__Aim of the task__
Lines from the opening of the material through the line containing "Our canvas Stadium" must be duplicated word for word. Pictures are not.

__Available data__
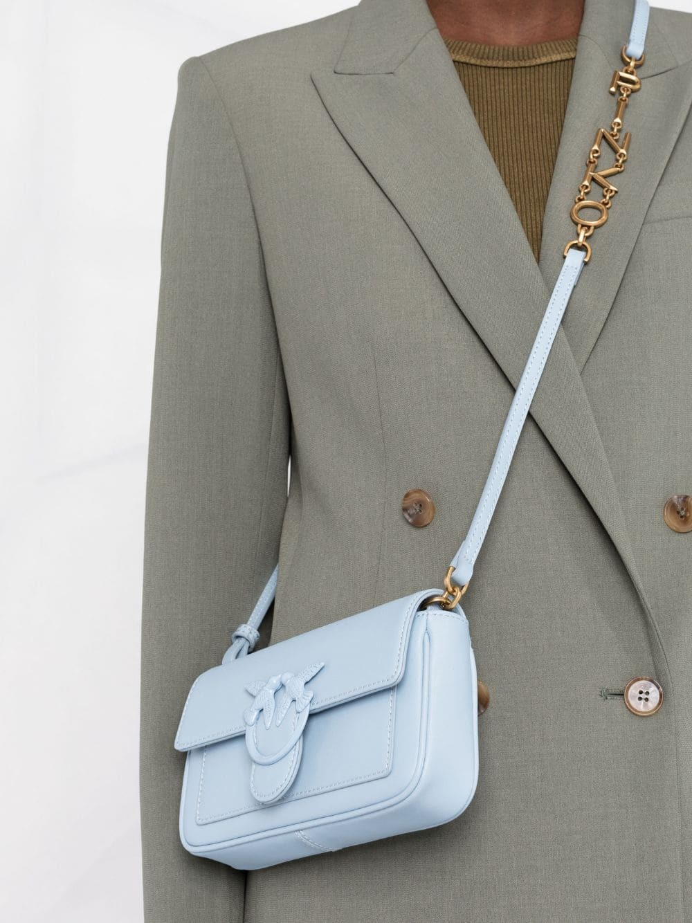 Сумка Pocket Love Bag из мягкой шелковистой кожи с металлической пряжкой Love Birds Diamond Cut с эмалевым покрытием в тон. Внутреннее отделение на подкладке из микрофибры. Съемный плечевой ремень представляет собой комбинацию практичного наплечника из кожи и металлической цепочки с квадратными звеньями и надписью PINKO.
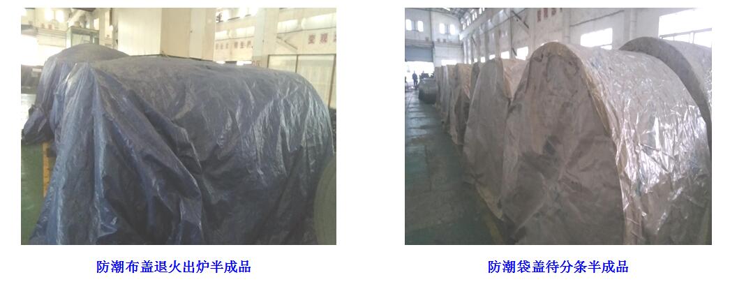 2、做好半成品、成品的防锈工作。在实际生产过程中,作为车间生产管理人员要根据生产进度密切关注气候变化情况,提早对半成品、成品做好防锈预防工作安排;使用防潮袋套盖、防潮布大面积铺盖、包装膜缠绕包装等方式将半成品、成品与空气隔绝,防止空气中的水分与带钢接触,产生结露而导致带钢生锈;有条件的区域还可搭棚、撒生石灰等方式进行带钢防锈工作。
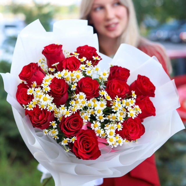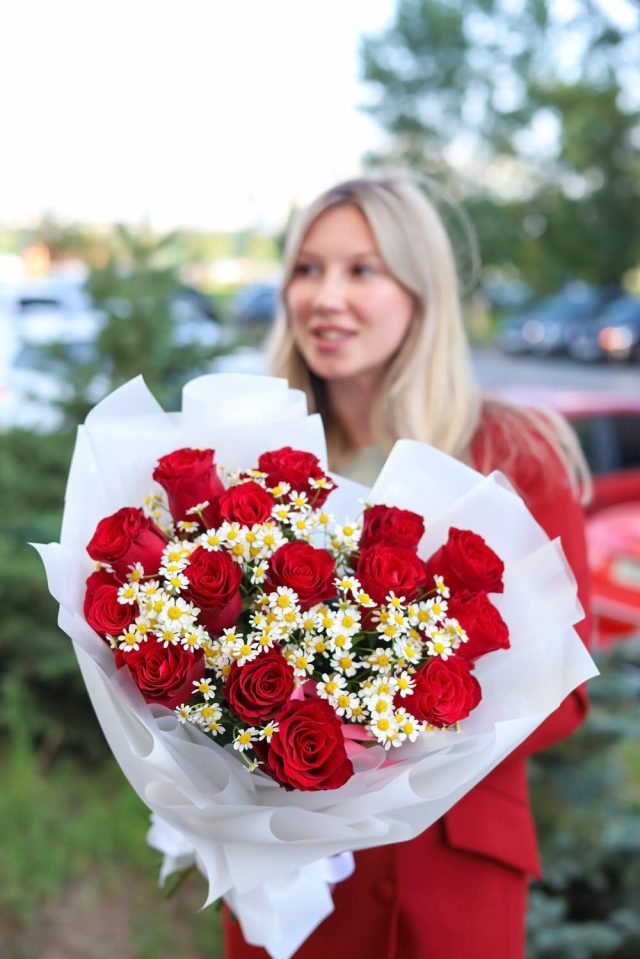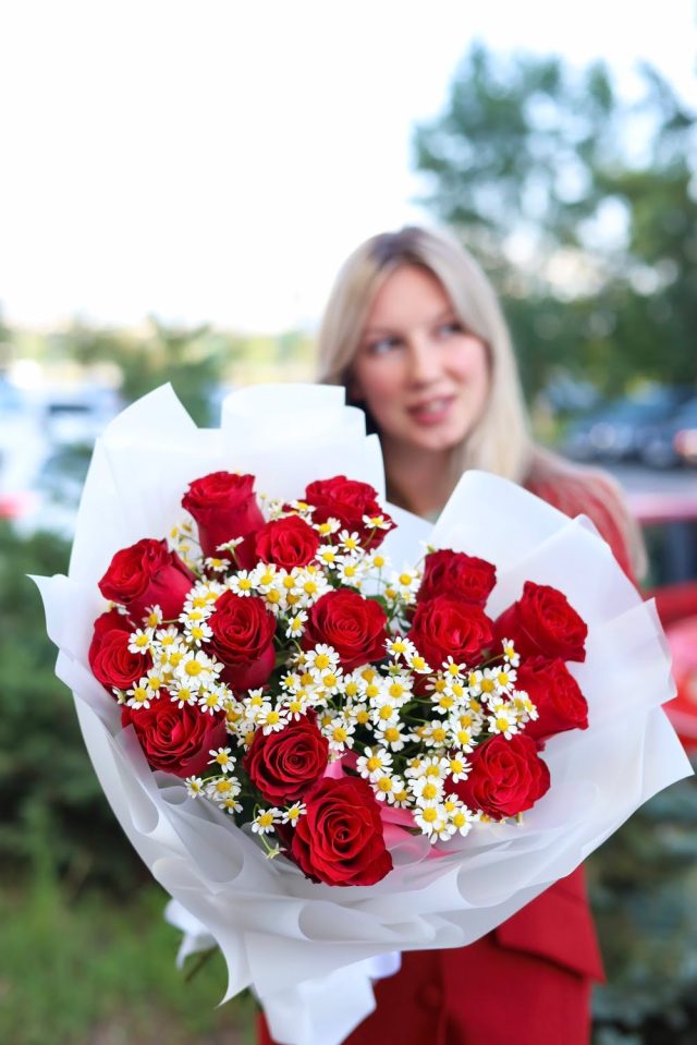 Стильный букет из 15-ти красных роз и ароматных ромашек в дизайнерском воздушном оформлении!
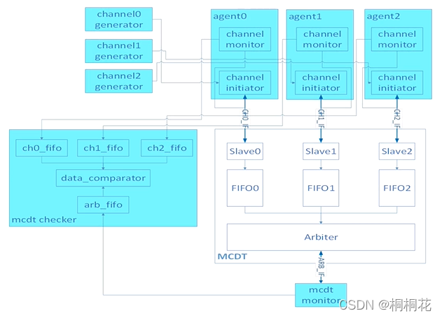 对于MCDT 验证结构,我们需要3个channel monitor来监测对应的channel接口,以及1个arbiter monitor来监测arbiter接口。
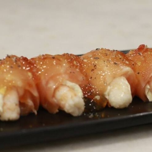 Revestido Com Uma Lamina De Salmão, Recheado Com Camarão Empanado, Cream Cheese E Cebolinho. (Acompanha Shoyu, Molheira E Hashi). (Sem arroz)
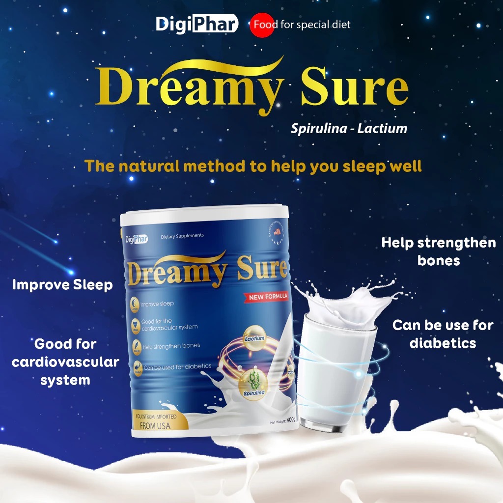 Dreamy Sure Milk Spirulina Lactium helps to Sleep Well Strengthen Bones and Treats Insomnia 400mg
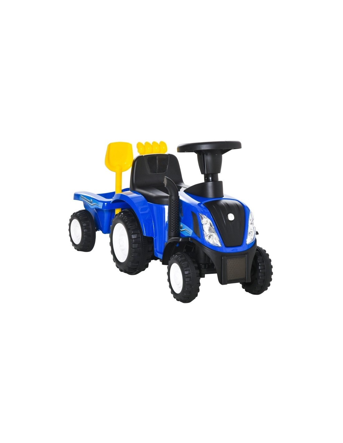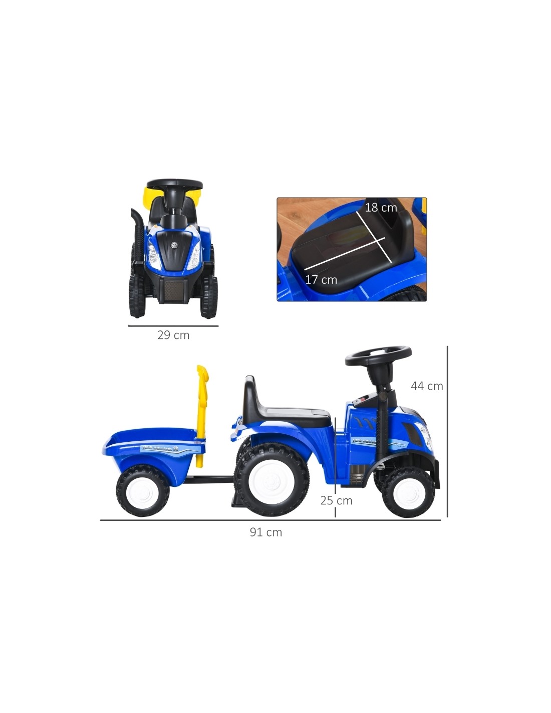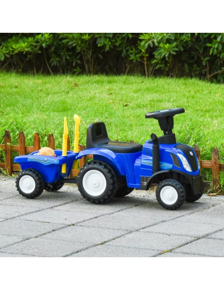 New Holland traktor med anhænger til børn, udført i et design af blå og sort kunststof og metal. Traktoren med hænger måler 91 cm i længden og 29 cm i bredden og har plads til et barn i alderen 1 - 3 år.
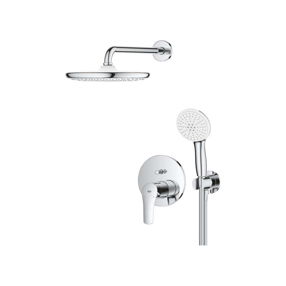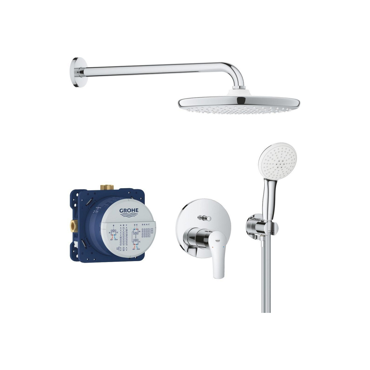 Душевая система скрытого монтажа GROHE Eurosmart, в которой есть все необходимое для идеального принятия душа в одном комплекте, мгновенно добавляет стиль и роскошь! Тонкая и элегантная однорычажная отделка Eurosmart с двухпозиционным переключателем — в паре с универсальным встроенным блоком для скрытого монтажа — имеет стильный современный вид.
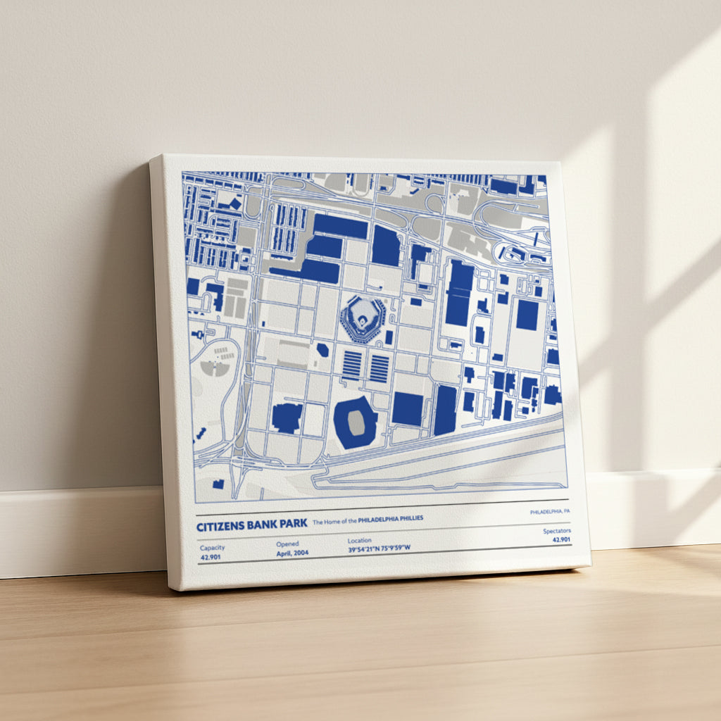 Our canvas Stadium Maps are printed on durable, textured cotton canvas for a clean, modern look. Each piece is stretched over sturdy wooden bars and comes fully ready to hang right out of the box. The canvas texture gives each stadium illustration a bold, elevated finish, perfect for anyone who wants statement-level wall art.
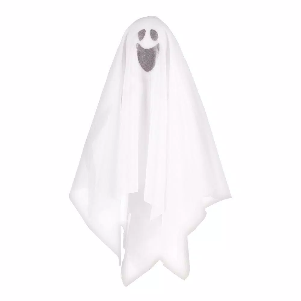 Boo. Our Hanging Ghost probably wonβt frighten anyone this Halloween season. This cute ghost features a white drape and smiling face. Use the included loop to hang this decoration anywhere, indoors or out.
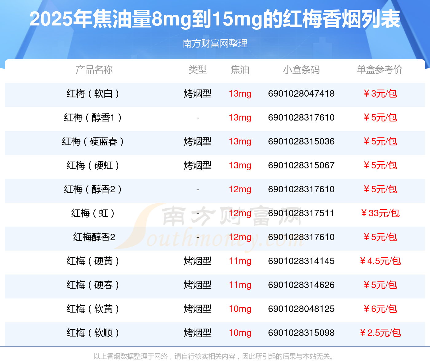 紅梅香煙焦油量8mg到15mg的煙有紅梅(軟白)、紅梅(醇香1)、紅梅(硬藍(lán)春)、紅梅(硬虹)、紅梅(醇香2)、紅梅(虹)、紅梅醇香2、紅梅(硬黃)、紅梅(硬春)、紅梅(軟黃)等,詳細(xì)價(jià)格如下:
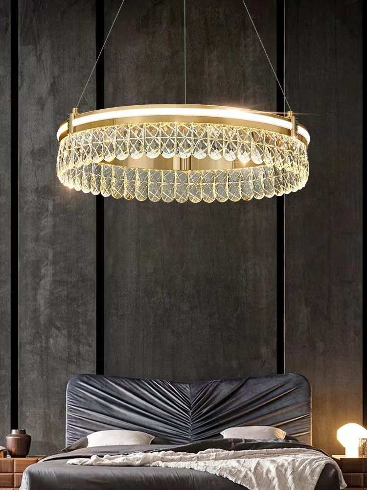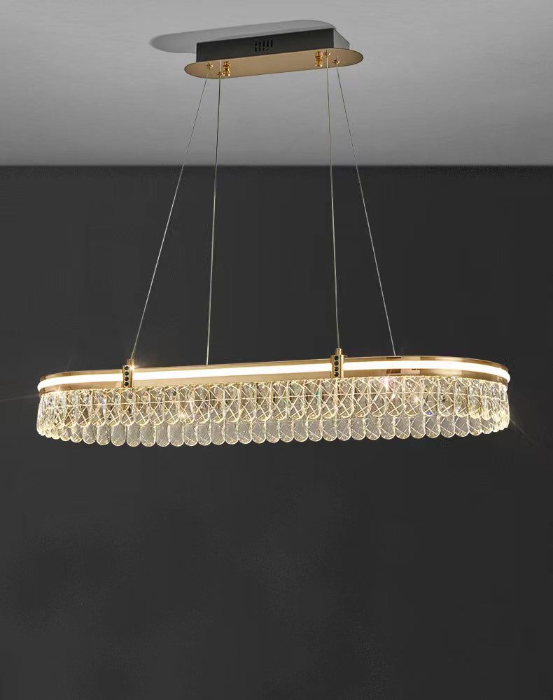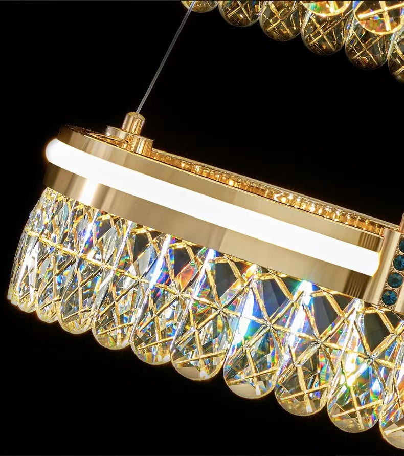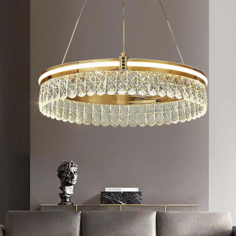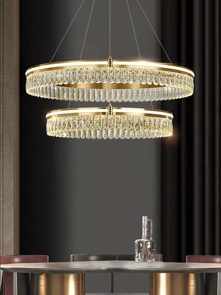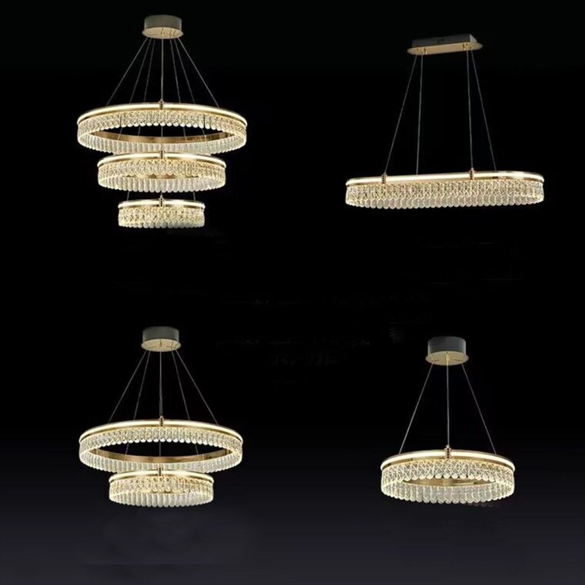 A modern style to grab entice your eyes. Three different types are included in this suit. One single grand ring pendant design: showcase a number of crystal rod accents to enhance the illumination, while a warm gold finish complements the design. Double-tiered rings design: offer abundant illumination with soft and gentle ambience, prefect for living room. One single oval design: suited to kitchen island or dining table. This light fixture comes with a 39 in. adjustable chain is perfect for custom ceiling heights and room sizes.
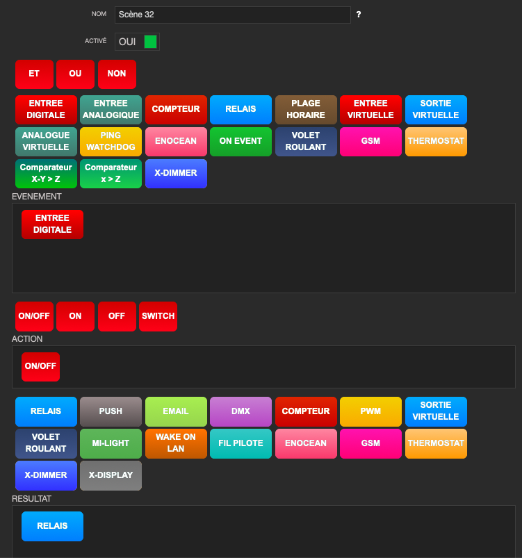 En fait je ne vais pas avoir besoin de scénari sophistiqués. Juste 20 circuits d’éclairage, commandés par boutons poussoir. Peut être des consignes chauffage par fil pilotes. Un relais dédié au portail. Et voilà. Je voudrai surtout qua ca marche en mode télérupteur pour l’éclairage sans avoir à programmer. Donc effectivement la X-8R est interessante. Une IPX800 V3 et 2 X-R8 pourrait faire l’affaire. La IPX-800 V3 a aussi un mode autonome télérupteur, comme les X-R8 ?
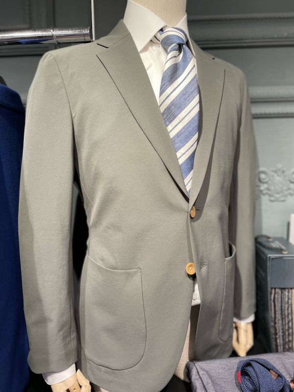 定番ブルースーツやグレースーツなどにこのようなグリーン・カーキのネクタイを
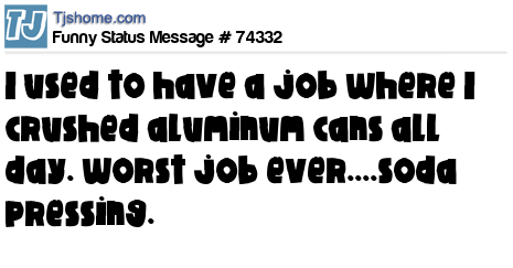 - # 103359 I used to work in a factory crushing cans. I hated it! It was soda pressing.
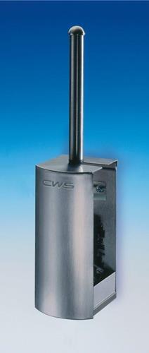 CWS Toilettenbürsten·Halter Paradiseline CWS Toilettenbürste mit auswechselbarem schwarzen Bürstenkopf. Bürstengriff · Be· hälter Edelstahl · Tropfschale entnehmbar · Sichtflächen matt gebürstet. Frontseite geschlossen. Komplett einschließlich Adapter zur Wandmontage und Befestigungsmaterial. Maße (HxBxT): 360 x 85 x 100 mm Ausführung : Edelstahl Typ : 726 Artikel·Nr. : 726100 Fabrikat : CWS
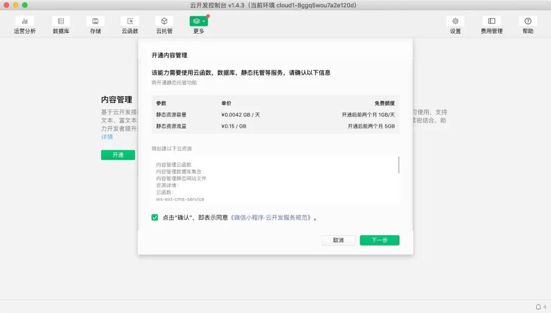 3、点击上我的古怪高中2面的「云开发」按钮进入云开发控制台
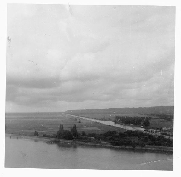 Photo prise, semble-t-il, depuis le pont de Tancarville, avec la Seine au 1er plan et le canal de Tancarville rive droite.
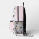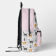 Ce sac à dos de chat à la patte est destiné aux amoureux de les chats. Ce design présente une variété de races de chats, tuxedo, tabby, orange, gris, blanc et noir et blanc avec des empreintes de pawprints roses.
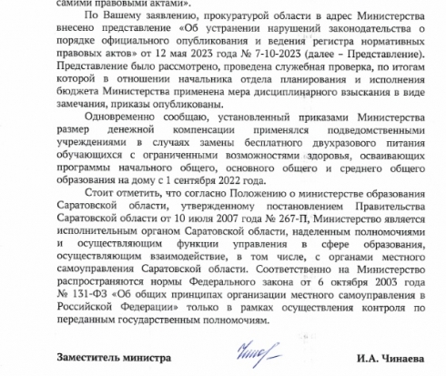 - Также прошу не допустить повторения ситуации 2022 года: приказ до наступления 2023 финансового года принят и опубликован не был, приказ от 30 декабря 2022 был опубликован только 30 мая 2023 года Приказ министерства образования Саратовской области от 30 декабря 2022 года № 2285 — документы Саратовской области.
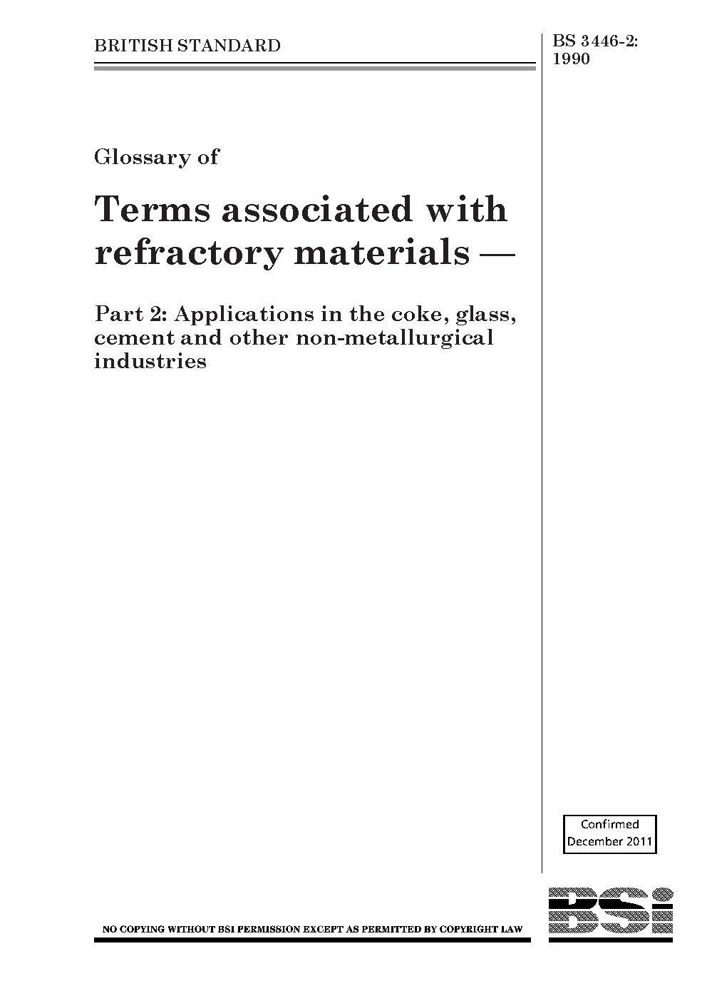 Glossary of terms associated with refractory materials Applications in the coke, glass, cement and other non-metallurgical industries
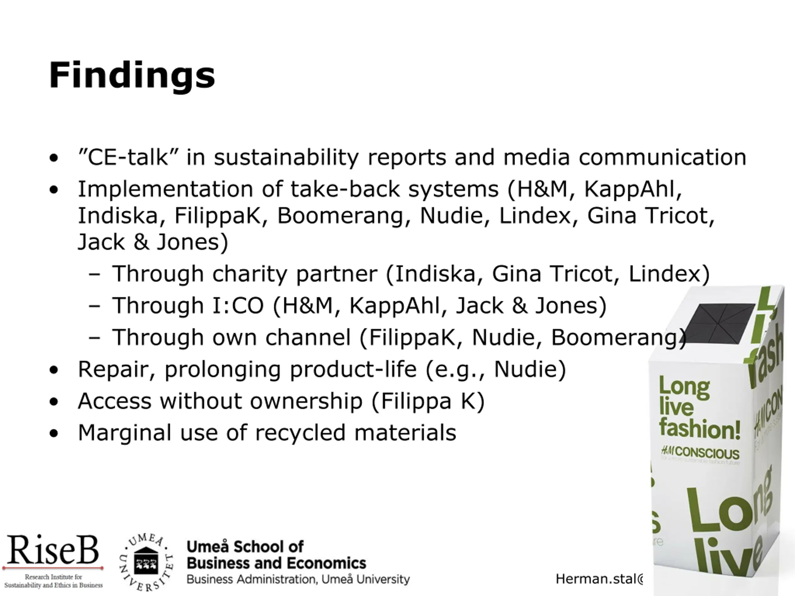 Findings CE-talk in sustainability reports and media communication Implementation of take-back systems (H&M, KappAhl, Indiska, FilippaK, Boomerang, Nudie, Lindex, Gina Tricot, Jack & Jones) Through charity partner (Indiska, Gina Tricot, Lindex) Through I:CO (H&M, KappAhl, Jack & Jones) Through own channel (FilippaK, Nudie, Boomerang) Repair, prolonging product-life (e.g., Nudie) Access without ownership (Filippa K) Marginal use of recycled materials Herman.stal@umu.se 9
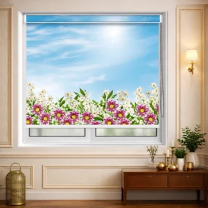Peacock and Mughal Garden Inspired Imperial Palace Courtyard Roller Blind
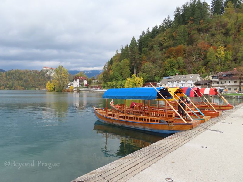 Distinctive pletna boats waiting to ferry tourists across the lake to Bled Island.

__Solution below__
 Сумка Pocket Love Bag из мягкой шелковистой кожи с металлической пряжкой Love Birds Diamond Cut с эмалевым покрытием в тон. Внутреннее отделение на подкладке из микрофибры. Съемный плечевой ремень представляет собой комбинацию практичного наплечника из кожи и металлической цепочки с квадратными звеньями и надписью PINKO.
 2、做好半成品、成品的防锈工作。在实际生产过程中,作为车间生产管理人员要根据生产进度密切关注气候变化情况,提早对半成品、成品做好防锈预防工作安排;使用防潮袋套盖、防潮布大面积铺盖、包装膜缠绕包装等方式将半成品、成品与空气隔绝,防止空气中的水分与带钢接触,产生结露而导致带钢生锈;有条件的区域还可搭棚、撒生石灰等方式进行带钢防锈工作。
 Стильный букет из 15-ти красных роз и ароматных ромашек в дизайнерском воздушном оформлении!
 对于MCDT 验证结构,我们需要3个channel monitor来监测对应的channel接口,以及1个arbiter monitor来监测arbiter接口。
 Revestido Com Uma Lamina De Salmão, Recheado Com Camarão Empanado, Cream Cheese E Cebolinho. (Acompanha Shoyu, Molheira E Hashi). (Sem arroz)
 Dreamy Sure Milk Spirulina Lactium helps to Sleep Well Strengthen Bones and Treats Insomnia 400mg
 New Holland traktor med anhænger til børn, udført i et design af blå og sort kunststof og metal. Traktoren med hænger måler 91 cm i længden og 29 cm i bredden og har plads til et barn i alderen 1 - 3 år.
 Душевая система скрытого монтажа GROHE Eurosmart, в которой есть все необходимое для идеального принятия душа в одном комплекте, мгновенно добавляет стиль и роскошь! Тонкая и элегантная однорычажная отделка Eurosmart с двухпозиционным переключателем — в паре с универсальным встроенным блоком для скрытого монтажа — имеет стильный современный вид.
 Our canvas Stadium Maps are printed on durable, textured cotton canvas for a clean, modern look. Each piece is stretched over sturdy wooden bars and comes fully ready to hang right out of the box. The canvas texture gives each stadium illustration a bold, elevated finish, perfect for anyone who wants statement-level wall art.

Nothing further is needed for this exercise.